Доктор Бонами снова нагнулся и стал глядеть через плечо отца Даржелеса, который уже заканчивал заметку — нечто вроде краткого, протокольно точного описания события. Они обменялись вполголоса несколькими словами, посоветовались друг с другом, и доктор обратился к Пьеру:
— Господин аббат, вы присутствовали при чуде, не откажитесь подписать заметку об этом происшествии, составленную отцом Даржелесом для «Газеты Грота».
Как! Подписаться под этой ошибкой, под этой ложью? В Пьере поднялось возмущение, он уже готов был громко высказать правду. Но внезапно он почувствовал на своих плечах тяжесть сутаны, а безграничная радость Марии переполнила его сердце ликованием. Какое счастье видеть ее здоровой! Когда девушку перестали расспрашивать, она снова подошла к нему и взяла под руку, улыбаясь затуманенными глазами.
— О мой друг, — сказала она очень тихо, — поблагодарите святую деву. Она такая милостивая, вот я опять здорова, красива и молода!.. А как обрадуется папа, милый мой папочка!
И Пьер подписал.
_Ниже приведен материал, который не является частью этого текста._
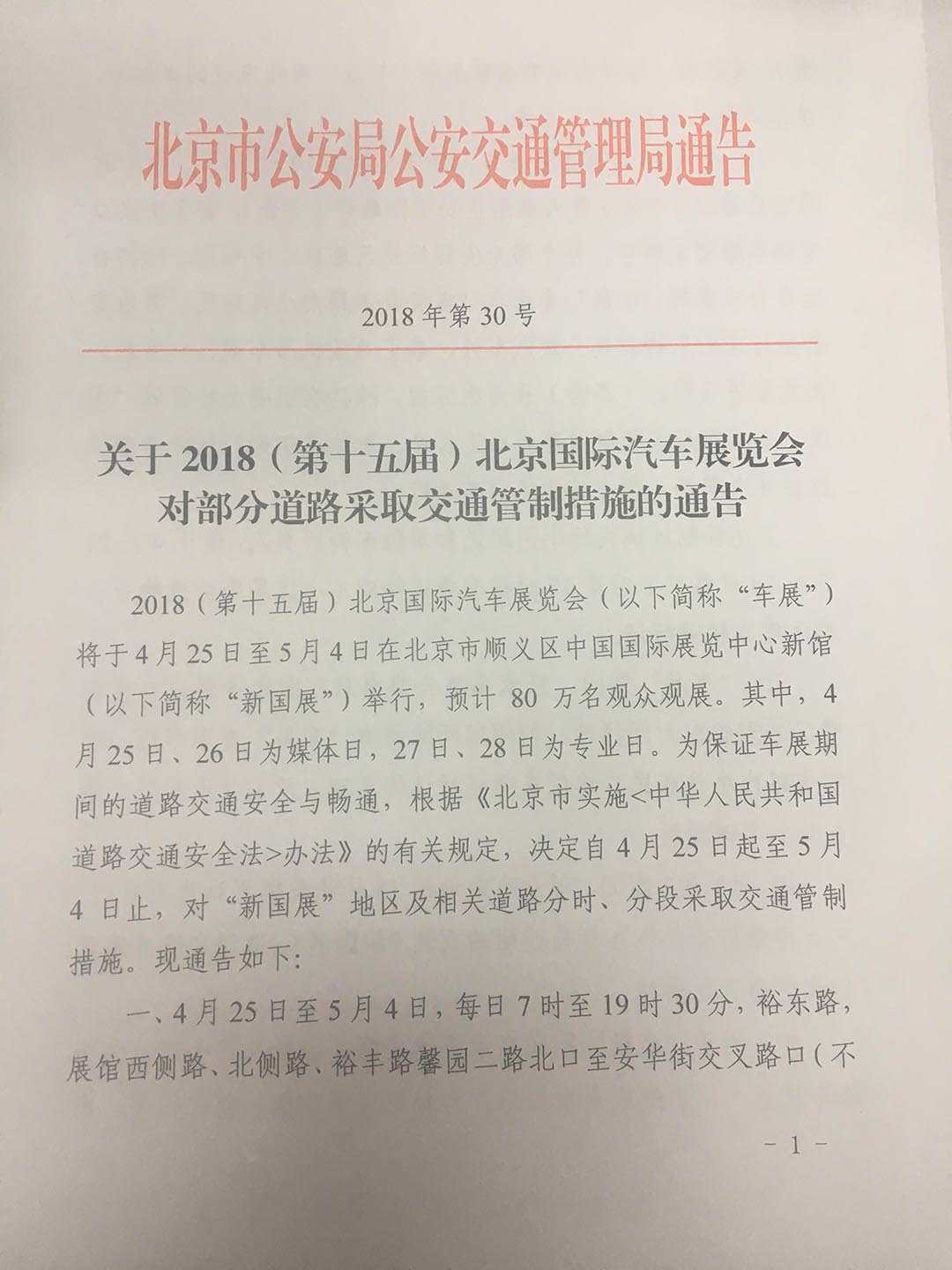 2018(第十五届)北京国际汽车展览会(以下简称“车展”)将于4月25日至5月4日在北京市顺义区中国国际展览中心新馆(以下简称“新国展”)举行,预计80万名观众观展。其中,4月25日、26日为媒体日,27日,28日为专业日。为保证车展期间的道路交通安全与畅通,根据《北京市实施<中华人民共和国道路交通安全法>办法》的有关规定,决定自4月25日起至5月4日止,对“新国展”地区及相关道路分时、分段采取交通管制措施。现通告如下:

Он чувствовал, как все в нем рушится, но она спасена, а сейчас это самое главное; ему казалось святотатством разбить чистую веру этого ребенка, исцелившую ее.
Когда Мария вышла, снова раздались восклицания, толпа рукоплескала. Теперь чудо приняло официальный характер. Между тем какой-то сердобольный человек, опасаясь, что девушка устанет и ей понадобится тележка, брошенная у Грота, притащил ее к бюро. Мария взволновалась, увидев эту тележку. Сколько лет она прожила в этом передвижном гробу, где, казалось ей, она была погребена заживо, сколько видел он слез, отчаяния, тяжелых дней! И вдруг она подумала, что, раз тележка была спутницей ее страданий, ей надо присутствовать и при торжестве. Мария вдохновилась и, словно объятая священным безумием, схватила ручку тележки.
В эту минуту мимо проходила процессия, возвращаясь из Грота, где аббат Жюден давал благословение. Мария, потянув за собой тележку, устремилась вслед за балдахином. Она шла в домашних туфлях, в кружевной косынке, с трепещущей грудью, высоко подняв прелестную головку, и за ней катился передвижной гроб, в котором она так долго умирала. А поток исступленных людей оглашал воздух криками.